International Conference on Wound Care, Tissue Repair and Regenerative Medicine
February 25-26, 2019 | Prague, Czech Republic

Sylvie Hampton

Wound Care Consultants Ltd, UK

Scientific Tracks Abstracts: Clin Pediatr Dermatol

Abstract:

Myelodysplastic syndromes (MDS) are a group of cancers in which immature blood cells in the bone marrow do not mature and therefore do not become healthy blood cells. Mr H had developed MDS six years previously which had been in remission for years. MDS returned in Jul’ 2016 and he stopped eating. For a year, he ate nothing solid. Nourishment was given in fluids. Hb varied between 50 and 70 and he had received blood transfusions weekly. White cells were extremely low which meant healing would be negligible and clinical infection is a high potential. In Apr’ 2018, he was admitted to hospital with pneumonia. While in hospital he acquired flu, a pressure ulcer (Grade 4 sacrum), C-Diff (appalling diarrhoea) and lost all mobility as he was not permitted to go out of bed for 3.5 weeks. He also developed sepsis (Pseudomonas) which resulted in large black ulcers across his back and scrotum. Because of the MDS, he should not have healed and the potential of infection, due to low white cell count, should have been a very high risk and yet he healed.
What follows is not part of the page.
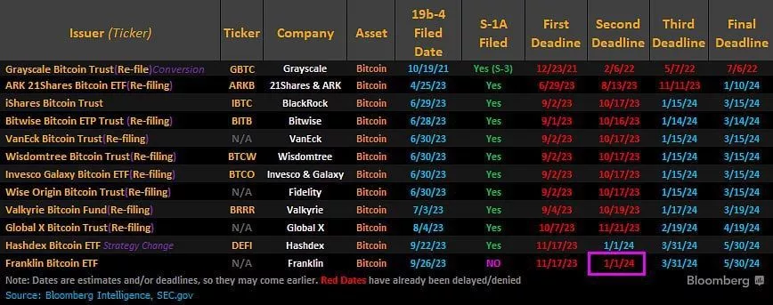 Guess who’s making moves? Franklin’s got their updated prospectus in for that spot Bitcoin ETF. Analysts are betting big that the U.S. Securities and Exchange Commission (SEC) might just greenlight a bunch of these spot bitcoin ETFs in a row. The rush is on, everyone’s on the edge of their seats, ’cause being the first one approved means snagging a big piece of the investor pie. It’s all about that early bird advantage!

Three dressings were used in healing these wounds. The first was a dressing pad that contained Ringer’s solution. Used on the sacrum from commencement to healed. The second used on the abscess over the back was the pad that contained Ringer’s solution, used to debride the wound and clean it. Then an activated carbon dressing used until healed. The third was a sheet gel dressing. This was used on all abscesses over the scrotum as it was the only dressing that would remain in situ. All of these wounds healed very successfully with this treatment. It is vital that the condition of the patient is taken into account when deciding on dressings. One dressing would not have cured all wounds.

Biography :

Independent TVNC Sylvie Hampton has 25 years of experience in wound care: four years as Enthusiast, five years as Specialist Nurse in a hospital and 16 years as Independent Consultant running a private wound healing centre commissioned by the NHS to care for chronic wounds. She has written 400 articles and two books on wound care. She was a Trainer and advising nursing homes, District Nursing Teams, Practice Nurses and Hospital Nurses and also acting as an Expert witness. She has been working as a Specialist Adviser for CQC. She undertakes research in wound care /pressure ulcer prevention. She is a Consultant for Lindsay Leg Club Foundation and Marie Curie Hospice movement. Educator, organising study days and conferences.